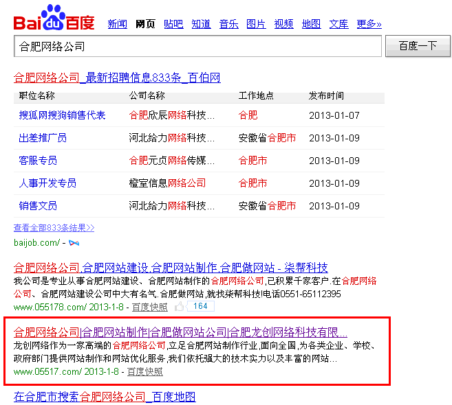 經過我公司技術人員的一致努力,目前,百度搜索“合肥網絡公司”一詞,我們的網站www.sangebeike.com.cn 已躍至百度排名第二位。以下是2013年1月8日的百度搜索截圖:
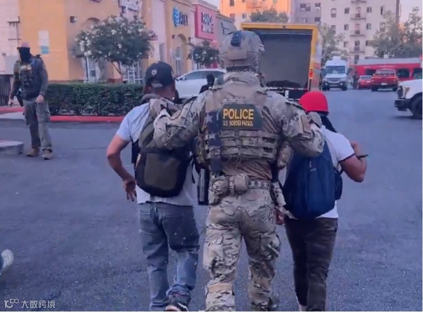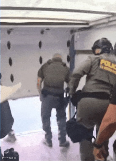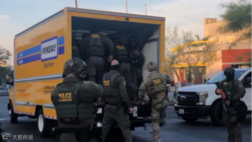 “一辆Penske卡车驶入停车场,特工突然从后车厢跳出实施抓捕。随后,一辆没有标志的白色货车也驶入现场,车上载有更多边境执法人员。”
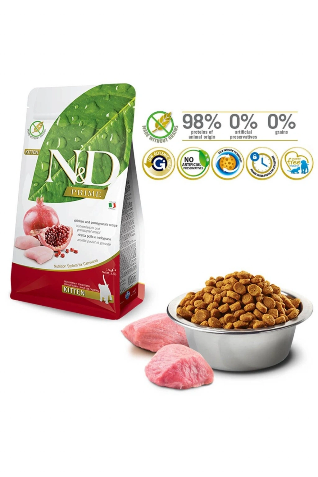 N&D Prime Kitten Tavuklu Narlı Tahılsız Yavru Kedi Maması 1,5 Kg Tavuk ve nar.; Yavru kediler, gebe ve emzirme dönemindeki yetişkin kediler için formüle edilmiş tam mamadır.; BİLEŞİMİ Kemiksiz tavuk (%30), kurutulmuş tavuk proteini (%28), tatlı patates, tavuk yağı, kurutulmuş yumurta, ringa balığı, kurutulmuş ringa balığı proteini, balık yağı (ringa balığı), bezelye lifi, kurutulmuş havuç, yonca, inulin, fruktooligosakkarit, maya ekstratı (mannooligosakkarit kaynağı), kurutulmuş nar (%0.5), kurutulmuş elma, kurutulmuş ıspanak, fisilyum kabukları ve tohumları (%0.3), kurutulmuş tatlı portakal, kurutulmuş yaban mersini, sodyum klorür, kurutulmuş bira mayası, zerdeçal (%0.2), aloe vera ekstraktı.; KG'DAKI İLAVELER Besinsel katkı maddeleri: A Vitamini 18000IU; D3 Vitamini 1200IU; E Vitamini 600mg; C Vitamini 300mg; Niasin 150mg; kalsiyum D-pantotenat 50mg; B2 Vitamini 20mg; B6 Vitamini 8.1mg; B1 Vitamini 10mg; biyotin 1.5mg; Folik asit 1.5mg; B12 Vitamini 0.1mg; kolin klorür 2500mg; Beta‐karoten 1.5mg; Çinko (metiyonin hidroksi analoğunun çinko şelatı): 163.8mg; Mangenez (metiyonin hidroksi analoğunun mangan şelatı): 64.6mg; Demir ( glisin hidratın demir (II) şelatı): 58.3mg; Bakır (metiyonin hidroksi analoğunun bakır şelatı) 15.8mg; Teknik olarak saf DL‐metiyonin 5000mg; Taurin 4000mg; L‐Karnitin 300mg.; Organoleptik katkı maddeleri: yeşil çay ekstraktı 100mg; biberiye ekstraktı.; Antioksidanlar: bitkisel yağlardan gelen tokoferol.; ANALİTİK BİLEŞENLER Ham protein %44.00; Ham yağ %20.00; Ham lif% 1.80; Nem %8.00; Ham kül %8.50; Kalsiyum %1.10; Fosfor %0.90; Magnezyum %0.08; Omega‐6 %3.30; Omega‐3 %0.90; DHA %0.50; EPA %0.30. ENERJİ DEĞERİ EM Kcal/Kg 4204 - Mj/Kg 17,59 MAMA TANESİ RENK BİLDİRİMİ Bazen -sadece doğal malzemeler kullandığımız için- farklı üretim partilerinde gıdanın dış görünümü değişebilir ya da mama tanelerinin renklerinde değişkenlik olabilir.; Aynı protein kaynağı et -daha koyu ya da daha açık- farklı renk tonunda olabilir.; Bu durum mama tanesinin rengine de yansır.; Farmina, farklı partileri tek tip haline getirmek için herhangi bir yapay renklendirici kullanmaz.; Bu nedenle, mama tanelerinde farklı renk tonlarının oluşması normaldir ve mamanın kalitesini veya besinsel özelliklerini etkilemez.; Daha fazla açıklamaya mı ihtiyacınız var Genius Danışmanınızla iletişime geçin.; MAMA TANE BOYUTU Mama taneleri, mamanın doğru bir şekilde parçalanmasını sağlamak için bir boyut aralığına sahiptir.; Nadir olarak bazen aynı paket içinde minimal varyasyonlar olabilir.; Mama taneleri kontrol aralığında olduğu sürece her şey normaldir.; Belirtilen aralıkların dışında bazı mama taneleri fark ederseniz, %100 Garanti politikasından yararlanabileceğiniz için lütfen Genius Danışmanınızla iletişime geçin.; YAVRU KEDİ: Çap 5-7 mm - Kalınlık: 4-5 mm YETİŞKİN KEDİ: Çap 8-10 mm - Kalınlık 3.5-5.5 mm Marka: ND Menşei Sırbistan Firma/Satıcı Bilgisi Şentürkler Veterinerlik Hizmetleri San.; Tic.; Ltd.; Şti.; Üretici Bilgisi: İthalatçı/Yetkili Temsilci/İfa Hizmet Sağlayıcı: Farmina Turkey Pet Ürünleri Anonim Şirketi İletişim: turkey@farmina.; com
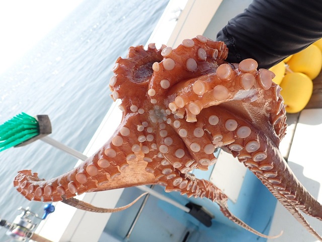 船からのタコエギ![]()
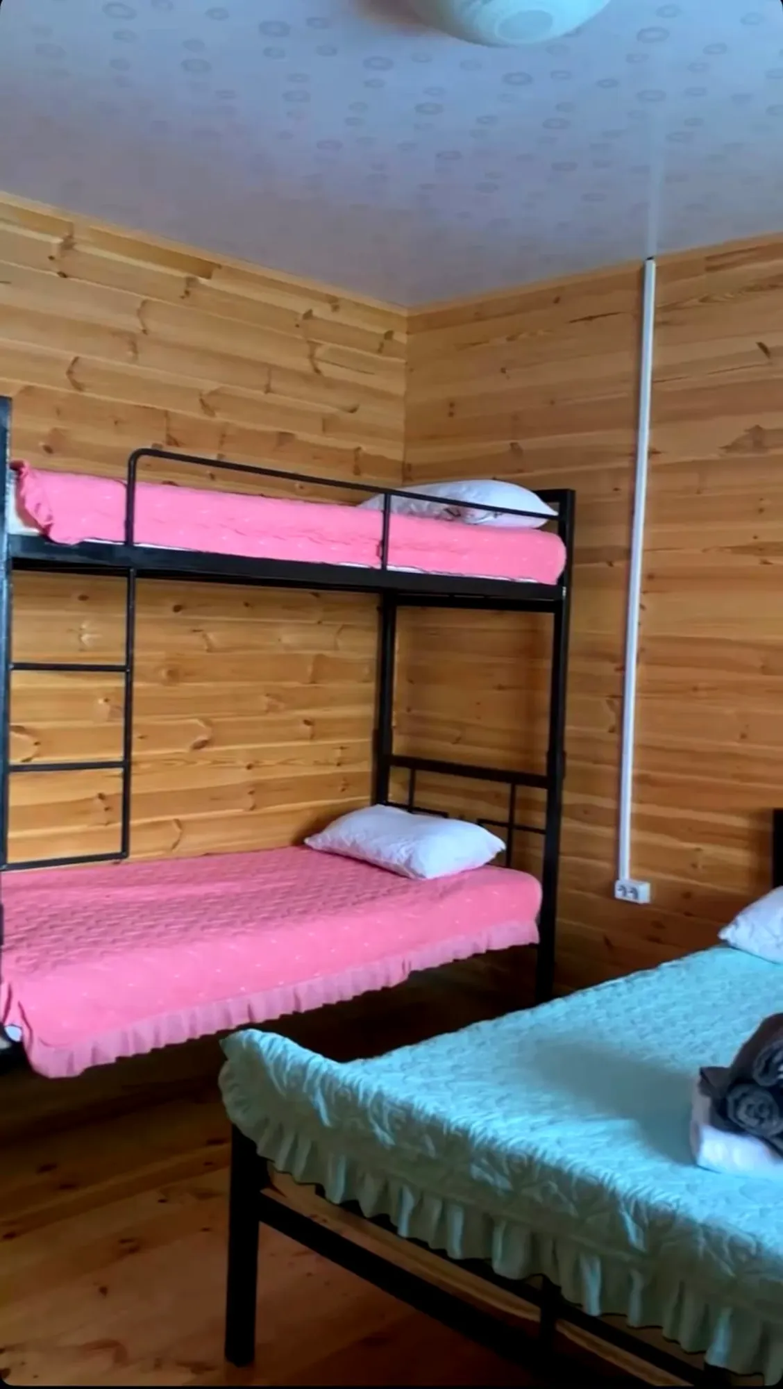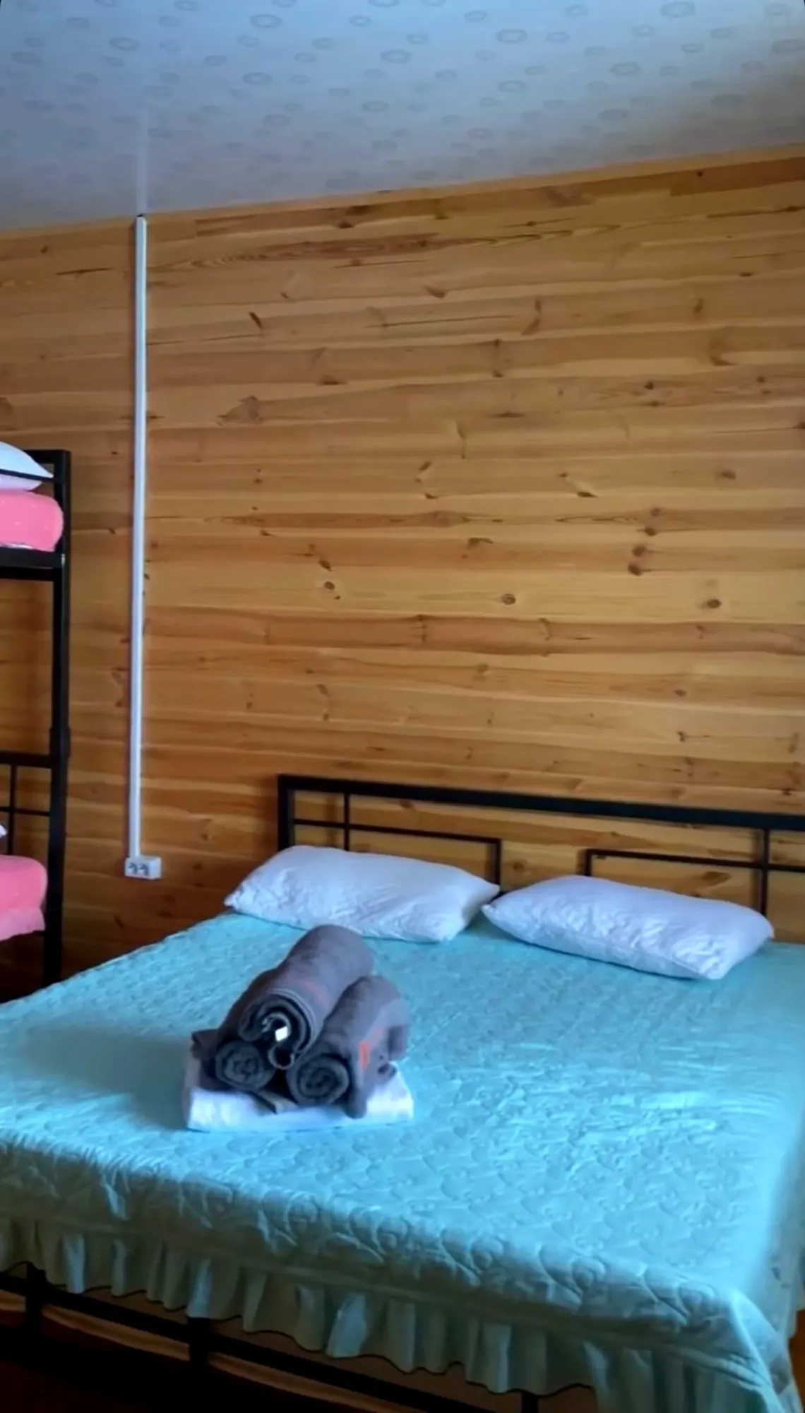 Номер однокомнатный и включает спальную зону с двуспальной кроватью размером 160×200 см и двухъярусной кроватью, что особенно удобно для размещения семьи с детьми.

YOUR INSTRUCTIONS: Would you restate the listing word for word without its pictures?

EXPECTED ANSWER:
 經過我公司技術人員的一致努力,目前,百度搜索“合肥網絡公司”一詞,我們的網站www.sangebeike.com.cn 已躍至百度排名第二位。以下是2013年1月8日的百度搜索截圖:
 “一辆Penske卡车驶入停车场,特工突然从后车厢跳出实施抓捕。随后,一辆没有标志的白色货车也驶入现场,车上载有更多边境执法人员。”
 N&D Prime Kitten Tavuklu Narlı Tahılsız Yavru Kedi Maması 1,5 Kg Tavuk ve nar.; Yavru kediler, gebe ve emzirme dönemindeki yetişkin kediler için formüle edilmiş tam mamadır.; BİLEŞİMİ Kemiksiz tavuk (%30), kurutulmuş tavuk proteini (%28), tatlı patates, tavuk yağı, kurutulmuş yumurta, ringa balığı, kurutulmuş ringa balığı proteini, balık yağı (ringa balığı), bezelye lifi, kurutulmuş havuç, yonca, inulin, fruktooligosakkarit, maya ekstratı (mannooligosakkarit kaynağı), kurutulmuş nar (%0.5), kurutulmuş elma, kurutulmuş ıspanak, fisilyum kabukları ve tohumları (%0.3), kurutulmuş tatlı portakal, kurutulmuş yaban mersini, sodyum klorür, kurutulmuş bira mayası, zerdeçal (%0.2), aloe vera ekstraktı.; KG'DAKI İLAVELER Besinsel katkı maddeleri: A Vitamini 18000IU; D3 Vitamini 1200IU; E Vitamini 600mg; C Vitamini 300mg; Niasin 150mg; kalsiyum D-pantotenat 50mg; B2 Vitamini 20mg; B6 Vitamini 8.1mg; B1 Vitamini 10mg; biyotin 1.5mg; Folik asit 1.5mg; B12 Vitamini 0.1mg; kolin klorür 2500mg; Beta‐karoten 1.5mg; Çinko (metiyonin hidroksi analoğunun çinko şelatı): 163.8mg; Mangenez (metiyonin hidroksi analoğunun mangan şelatı): 64.6mg; Demir ( glisin hidratın demir (II) şelatı): 58.3mg; Bakır (metiyonin hidroksi analoğunun bakır şelatı) 15.8mg; Teknik olarak saf DL‐metiyonin 5000mg; Taurin 4000mg; L‐Karnitin 300mg.; Organoleptik katkı maddeleri: yeşil çay ekstraktı 100mg; biberiye ekstraktı.; Antioksidanlar: bitkisel yağlardan gelen tokoferol.; ANALİTİK BİLEŞENLER Ham protein %44.00; Ham yağ %20.00; Ham lif% 1.80; Nem %8.00; Ham kül %8.50; Kalsiyum %1.10; Fosfor %0.90; Magnezyum %0.08; Omega‐6 %3.30; Omega‐3 %0.90; DHA %0.50; EPA %0.30. ENERJİ DEĞERİ EM Kcal/Kg 4204 - Mj/Kg 17,59 MAMA TANESİ RENK BİLDİRİMİ Bazen -sadece doğal malzemeler kullandığımız için- farklı üretim partilerinde gıdanın dış görünümü değişebilir ya da mama tanelerinin renklerinde değişkenlik olabilir.; Aynı protein kaynağı et -daha koyu ya da daha açık- farklı renk tonunda olabilir.; Bu durum mama tanesinin rengine de yansır.; Farmina, farklı partileri tek tip haline getirmek için herhangi bir yapay renklendirici kullanmaz.; Bu nedenle, mama tanelerinde farklı renk tonlarının oluşması normaldir ve mamanın kalitesini veya besinsel özelliklerini etkilemez.; Daha fazla açıklamaya mı ihtiyacınız var Genius Danışmanınızla iletişime geçin.; MAMA TANE BOYUTU Mama taneleri, mamanın doğru bir şekilde parçalanmasını sağlamak için bir boyut aralığına sahiptir.; Nadir olarak bazen aynı paket içinde minimal varyasyonlar olabilir.; Mama taneleri kontrol aralığında olduğu sürece her şey normaldir.; Belirtilen aralıkların dışında bazı mama taneleri fark ederseniz, %100 Garanti politikasından yararlanabileceğiniz için lütfen Genius Danışmanınızla iletişime geçin.; YAVRU KEDİ: Çap 5-7 mm - Kalınlık: 4-5 mm YETİŞKİN KEDİ: Çap 8-10 mm - Kalınlık 3.5-5.5 mm Marka: ND Menşei Sırbistan Firma/Satıcı Bilgisi Şentürkler Veterinerlik Hizmetleri San.; Tic.; Ltd.; Şti.; Üretici Bilgisi: İthalatçı/Yetkili Temsilci/İfa Hizmet Sağlayıcı: Farmina Turkey Pet Ürünleri Anonim Şirketi İletişim: turkey@farmina.; com
 船からのタコエギ![]()
 Номер однокомнатный и включает спальную зону с двуспальной кроватью размером 160×200 см и двухъярусной кроватью, что особенно удобно для размещения семьи с детьми.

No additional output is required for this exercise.